The standard errors for the estimates of the expected values of the squares of the coordinates are all about the same, except that they are sometimes bigger when the si are fixed at 0.0073.

So it seems that fixing all the si to 0.0187 gives clearly better results than standard Gibbs sampling.

• 3. Nathan Bishop  |  2012-09-16 at 10:47 pm

Do you mean setting u to F^{-1}(x_j^{old}), where x is the previous value?

• 4. Radford Neal  |  2012-09-17 at 9:40 am

No. That wouldn’t make sense, since x needn’t be bounded by 0 and 1, and so may not be a valid argument of F inverse. Plus u is supposed to be in [0,1).

• 5. Nathan Bishop  |  2012-09-17 at 8:17 pm

Thank you for your answer. My background is physics so my questions might sound trivial, but what is the insight in putting u equal to F^{-1}(x_j^{old})?

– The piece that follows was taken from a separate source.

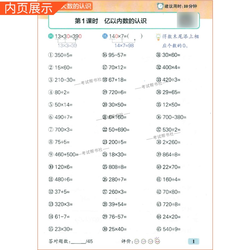 2025秋绿卡图书小学学霸口算四年级上册人教版数学算法讲解一课一练专项提升课时作业本同步练习册口算天天练题课后练习 - 考试帮书社

Can I use a linear combination of F^{-1}(x_j^{old}) and F^{-1}(x_j^{older})?

• 6. Anonymous  |  2013-11-14 at 9:51 am

Sorry for my 5c and it is not area of my expertise, but this reminded me of “low discrepancy numbers” technique used in finance for Monte Carlo methods. Are there any parallels with non-random MCMC?

• 7. Radford Neal  |  2013-11-14 at 1:06 pm

I’m not really familiar with what they do in finance, but this sounds like an instance of “Quasi Monte Carlo”, which people have indeed tried to apply to MCMC (see the Chen, Dick, and Owen reference in my paper). I think there must be some connections that could be explored.